§ **WHAT YOU ARE ASKED TO DO**
Restate exactly the lines that run from the start of the records below to the line containing "Комбинируя размер, форму, цвет", counting both ends, and nothing else; pictures stay out.

Records excerpted from a collection:
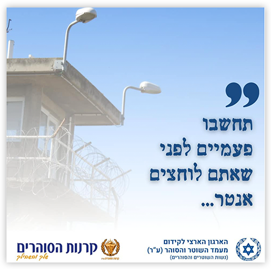 "הרבה ביקורת יש לאחרונה ברשתות החברתיות על השב״ס, אבל תגידו, עם יד על הלב, אתם באמת מסוגלים לתאר לעצמכם מה זה אומר להיות סוהר או סוהרת? לקום כל בוקר ולצאת לעבודה מול העבריינים הכי מסוכנים במדינה? שעה-שעה, 24/7, 365 ימים בשנה… דווקא עכשיו – שולחים לייק ענק ומחזקים את הסוהרים והסוהרות שלנו, המגינים השקופים של ישראל", נכתב בקמפיין
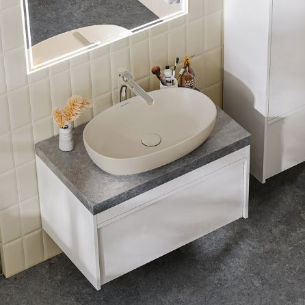 Комбинируя размер, форму, цвет раковины и дизайн столешницы создадите свою уникальную композицию. Посмотрите на множество сочетаний, предлагаемых KERAMA MARAZZI.
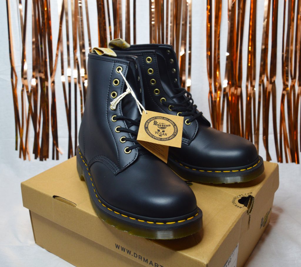 Although I have docs, they are in my shoe cupboard and I wanted to rave about these new ones my boyfriend ‘L’ got recently. Him being 6ft and me being less than 5ft means that obviously these don’t fit me! but I still love them just as much hehe. These are the vegan docs that so many people are raving about. They’re perfection. Being vegan, I’m psyched that these have been created and they’re actually cheaper than originals which is ace! I had to feature them on this post since we’re on the topic of rad shoes.
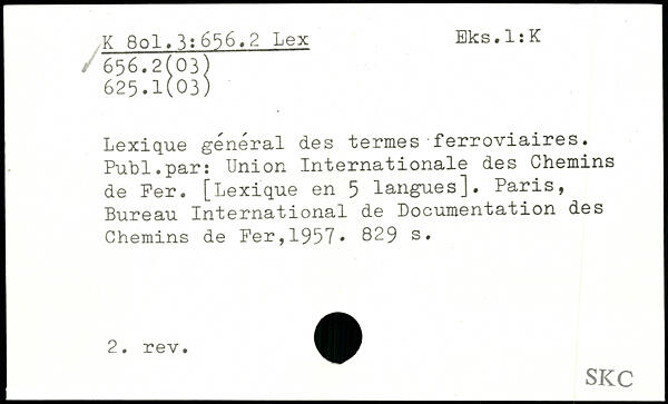 Lexique general des termes ferroviaires. Publ.par: Union Internationale des Chemins de Per. [Lexique en 5 langues]. Paris, Bureau International de Documentation des Chemins de Per,1957
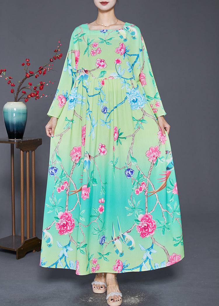 Bohemian Green Square Collar Print Silk Holiday Dresses Fall
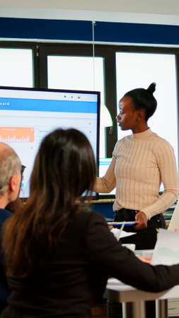 African project manager holding financial meeting showing statistical graphs and charts on interactive whiteboard touchscreen device. Executive director working in broadroom of creative agency.
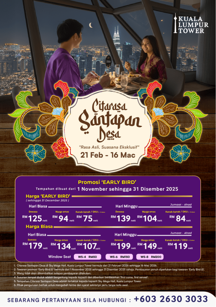 As Ramadan Al-Mubarak 1447 Hijrah approaches, Kuala Lumpur Tower proudly brings back one of the city’s most anticipated annual feasts,… Citarasa Santapan Desa: “Rasa Asli, Suasana Eksklusif”, happening from 21 February to 16 March 2026.
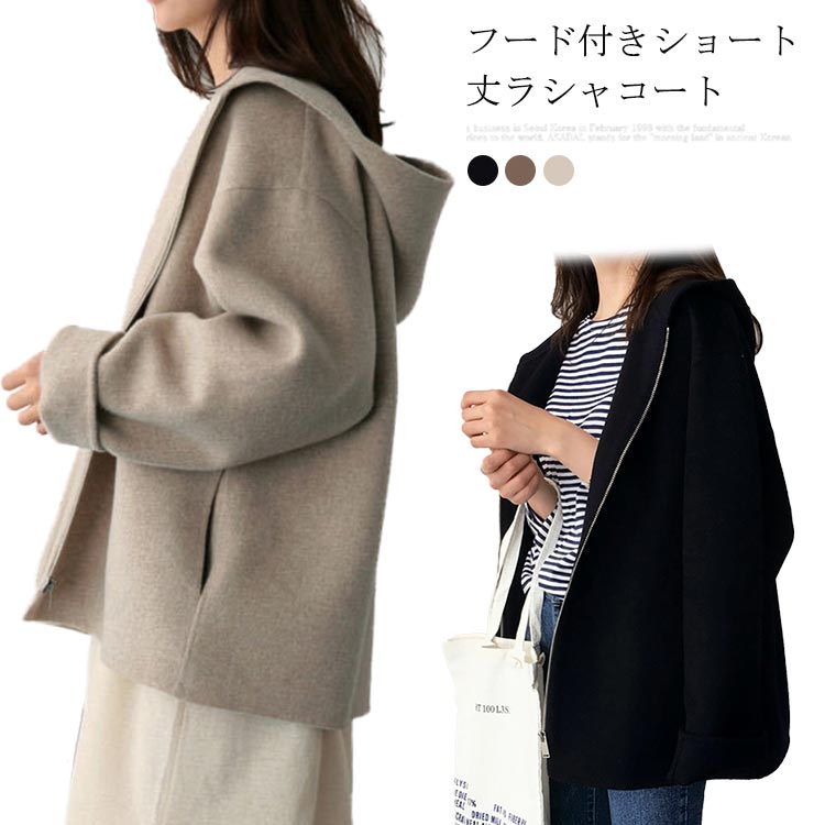 カーディガン フード付き レディース 羽織 ショート丈 アウター ラシャコート トップス 無地 パーカー シンプル デイリー オーバーコート ショートコート 長袖
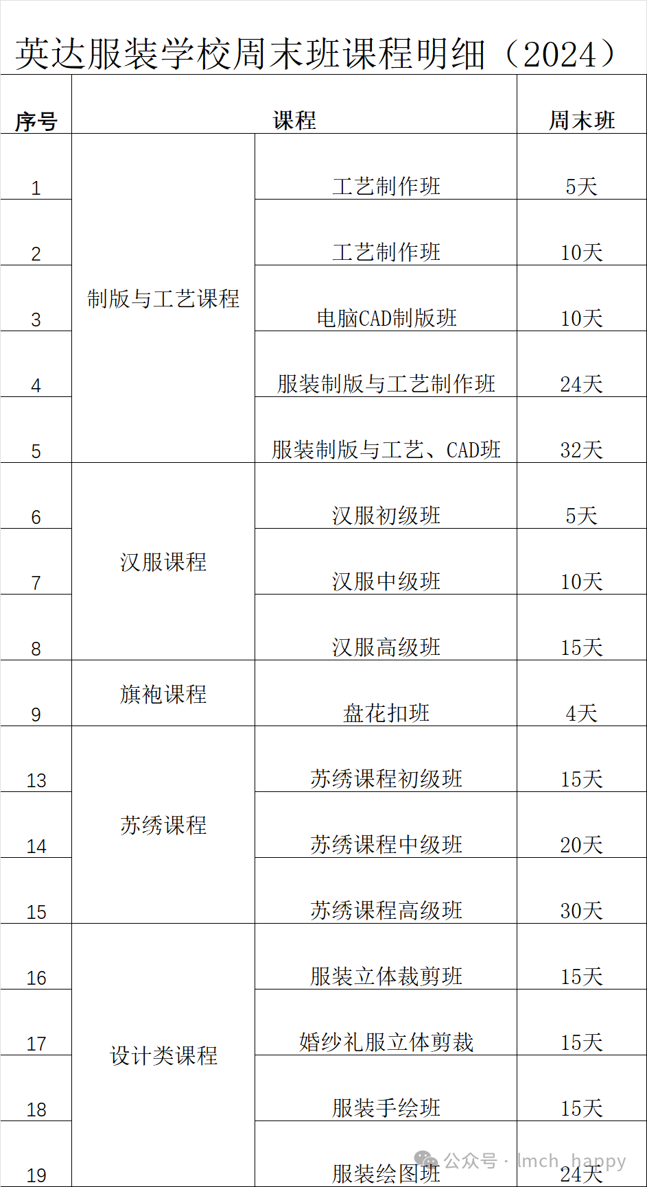 2024年苏州市英达服装学校针对零基础小白入门开设的周末班服装课程如下图,感兴趣的同学可以找我了解。
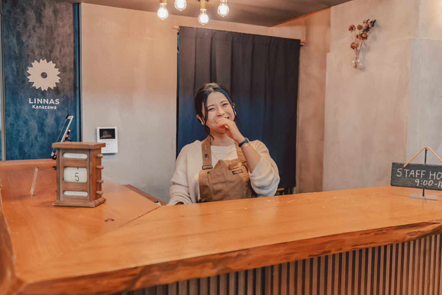 「LINNAS Kanazawa」に帰ると笑顔でスタッフさんが出迎えてくれた。
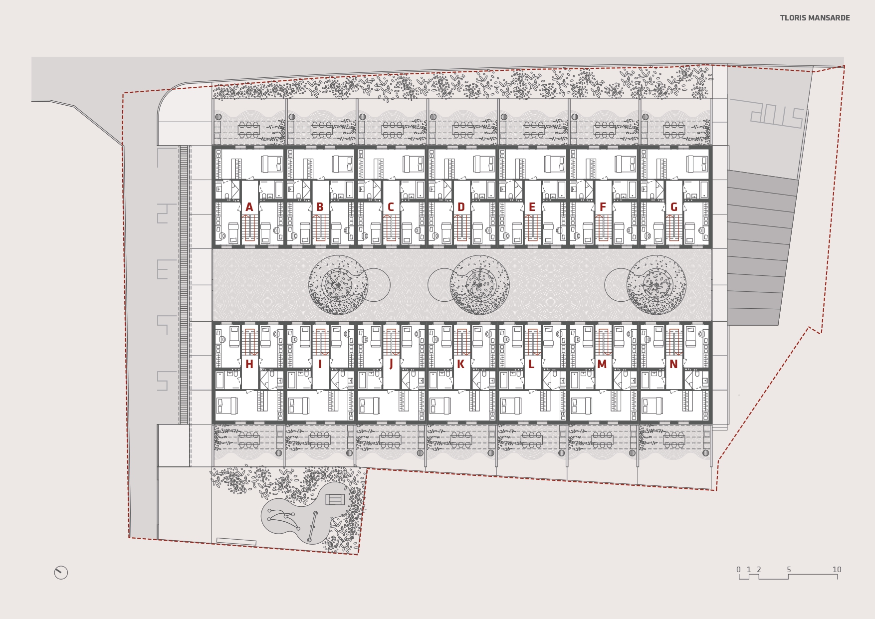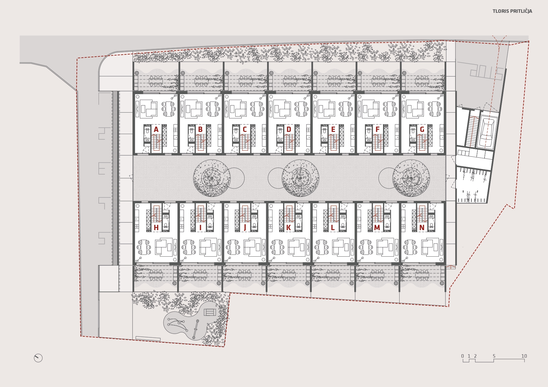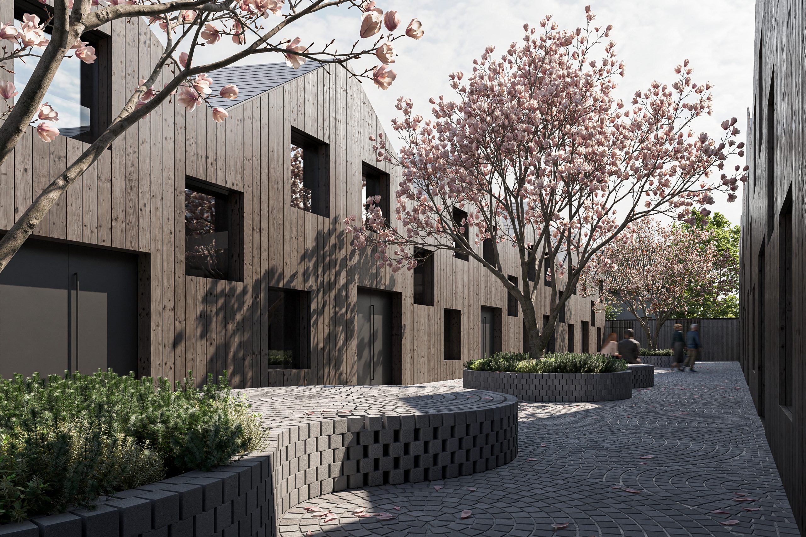 Z namenom zagotavljanja enotnosti in skladnosti vse hiše vključujejo dvorišče in ohranjajo enakomerna tlorisna načrta, kar zagotavlja usklajeno življenjsko okolje za prebivalce. Sedem hiš je obrnjeno proti vzhodu, medtem ko je preostalih sedem obrnjeno proti zahodu, kar ponuja raznolike poglede in možnosti naravne svetlobe.
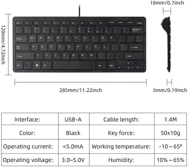Mini Keyboard: 285mm × 120mm × 18mm (13 inches) small keyboard with 1.4M USB cable, does not take up too much of your placement space, while its length can meet on the desktop or desktop under the connection with the computer.
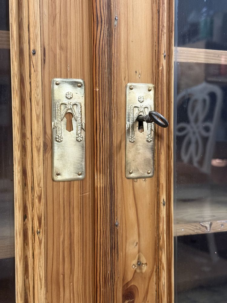 Die originalen Schlösser sind erhalten geblieben. Beschläge und Schlüssel wurden fachgerecht erneuert. Das Glas in den oberen Türen stammt ebenfalls aus der Zeit und unterstreicht den historischen Charakter des Schranks.
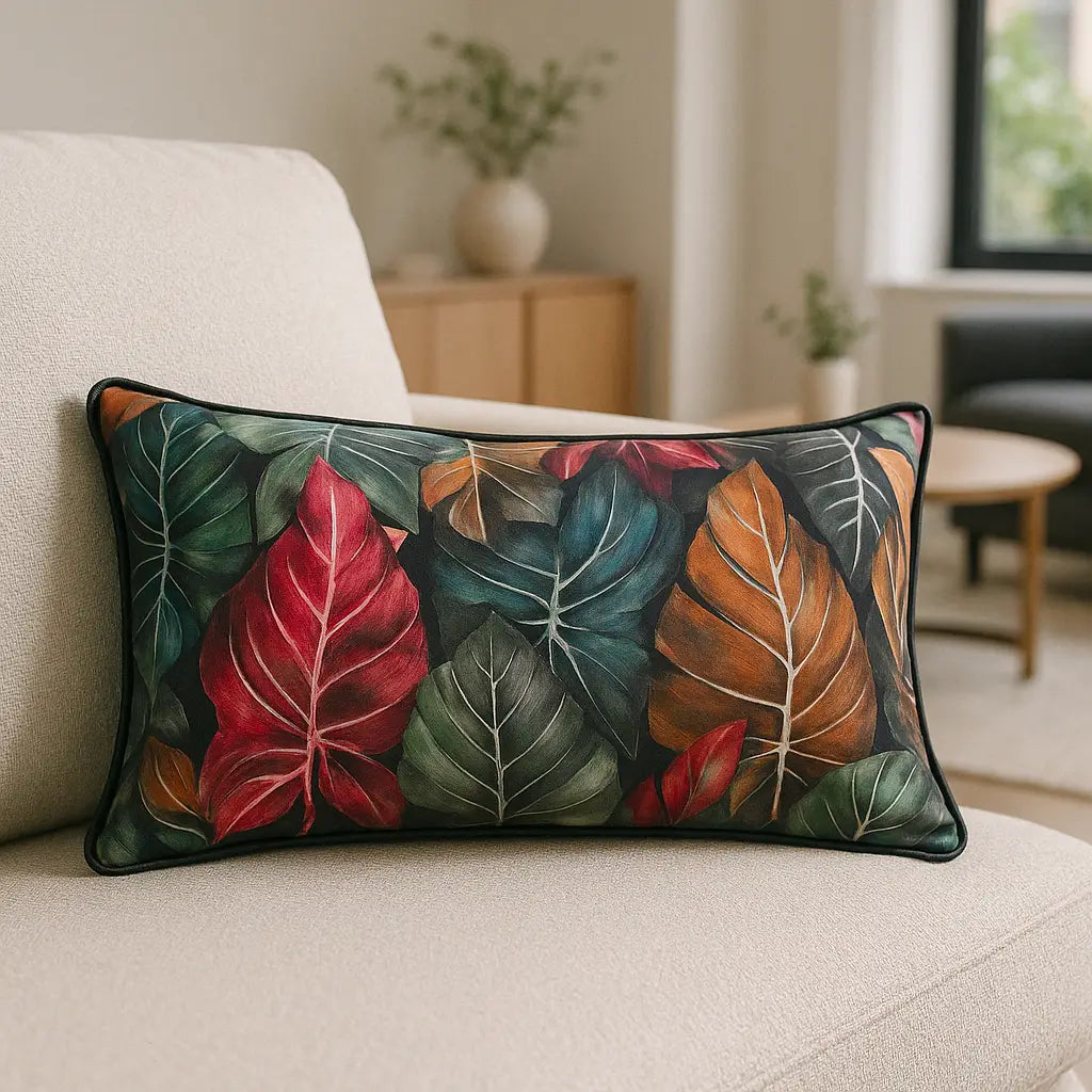 Add a touch of the tropics to your home furnishings with this stunning cushion cover. Its printed luxury velvet front design showcases vibrant botanical leaves in an array of vivid colours, elegantly set against a contrasting background. The cushion cover is beautifully finished with a plain velvet reverse, contrast piped trim, and a convenient zip fastening for easy removal and cleaning.
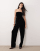 ASOS DESIGN - Sort sæt med skræddersyet bandeau-top med peplum-kant og tapered bukser i velour
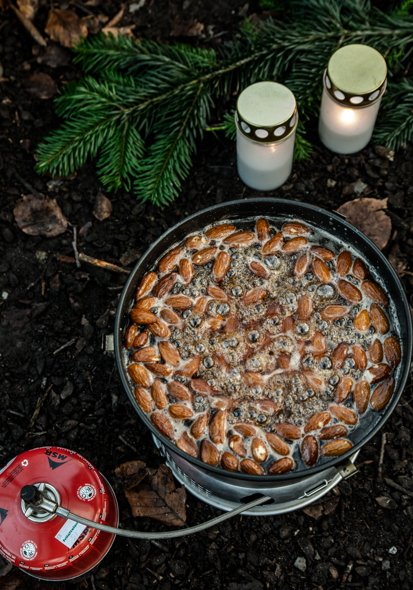 En god og nem udendørs juleaktivitet er at lave brændte mandler på brænder eller over bål. Det kræver nemlig kun 3 ingredienser: mandler, sukker og vand, som snildt kan medbringes i haven eller skoven. Vi har brugt en Trangia (men med bål ved siden af til at lune sig omkring), som fungerer rigtig fint til formålet. Har du båludstyr, kan de brændte mandler også snildt laves over flammerne på en støbejernspande.
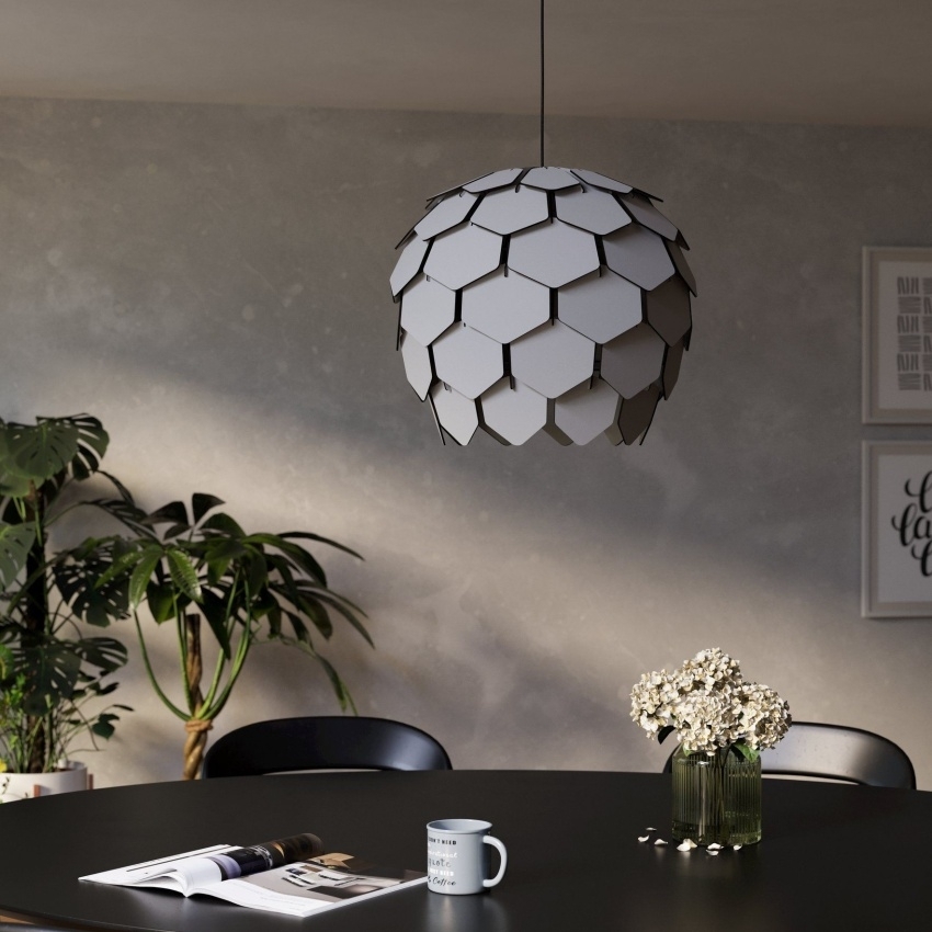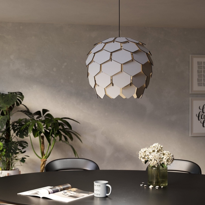 Závěsné svítidlo EGLO MATTANZA je ideální volbou pro moderní interiéry, kde chcete propojit eleganci a přírodní prvky. Stínidlo tvoří množství světle šedých dřevěných lamel uspořádaných do kruhu, které vytvářejí zajímavý světelný efekt a příjemnou atmosféru. Stínidlo je zavěšeno na černém kulatém kovovém krytu, což podtrhuje jeho moderní vzhled. Svítidlo je vhodné pro obývací pokoj, jídelnu či ložnici. Žárovka s paticí E27 není součástí balení, což vám umožní vybrat si typ světelného zdroje podle vašich potřeb.
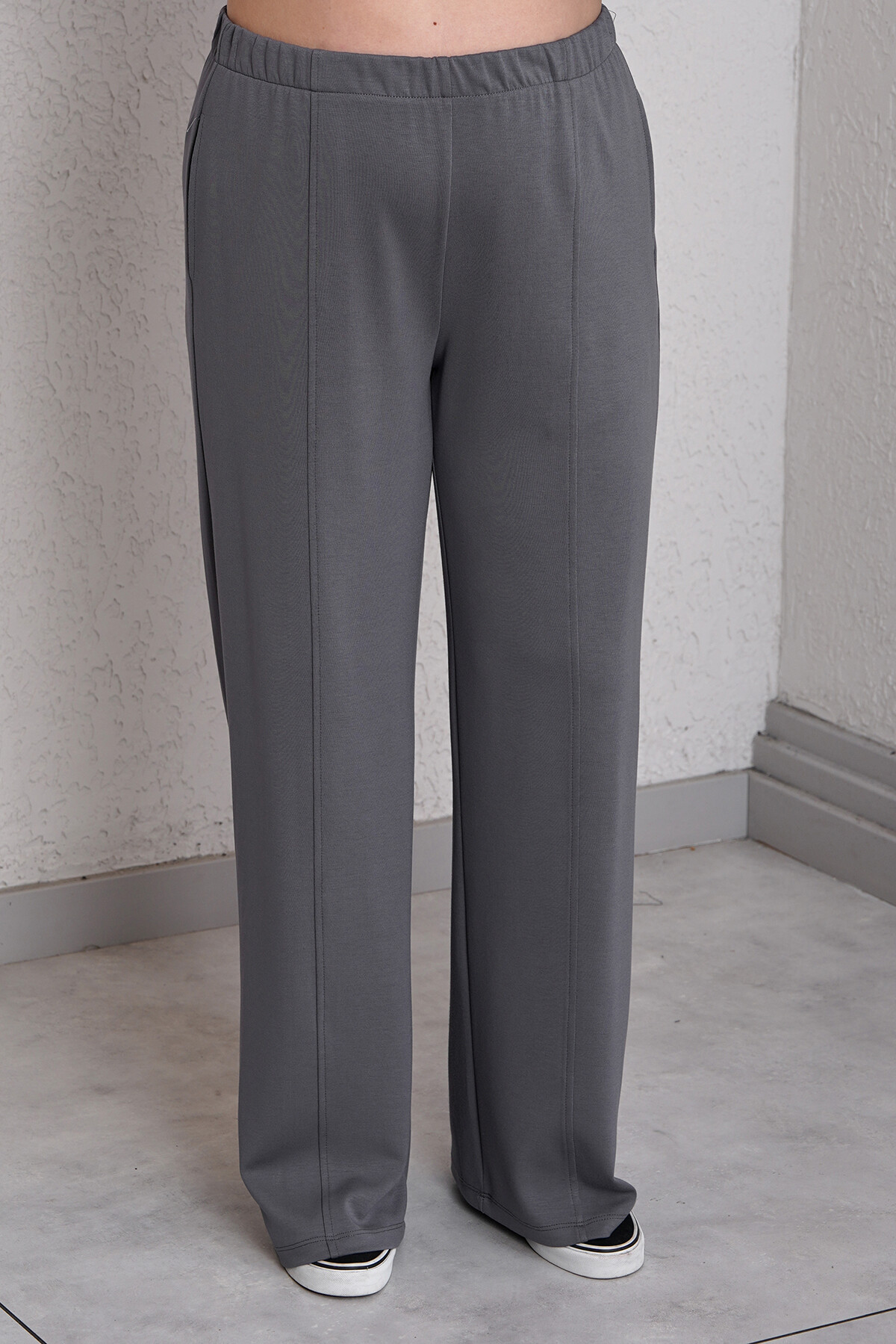 Görünür ön dikişli, yan dikişten cepli, elastik belli, düz kesimdir.

§ **REPLY TO THE EXERCISE**
 "הרבה ביקורת יש לאחרונה ברשתות החברתיות על השב״ס, אבל תגידו, עם יד על הלב, אתם באמת מסוגלים לתאר לעצמכם מה זה אומר להיות סוהר או סוהרת? לקום כל בוקר ולצאת לעבודה מול העבריינים הכי מסוכנים במדינה? שעה-שעה, 24/7, 365 ימים בשנה… דווקא עכשיו – שולחים לייק ענק ומחזקים את הסוהרים והסוהרות שלנו, המגינים השקופים של ישראל", נכתב בקמפיין
 Комбинируя размер, форму, цвет раковины и дизайн столешницы создадите свою уникальную композицию. Посмотрите на множество сочетаний, предлагаемых KERAMA MARAZZI.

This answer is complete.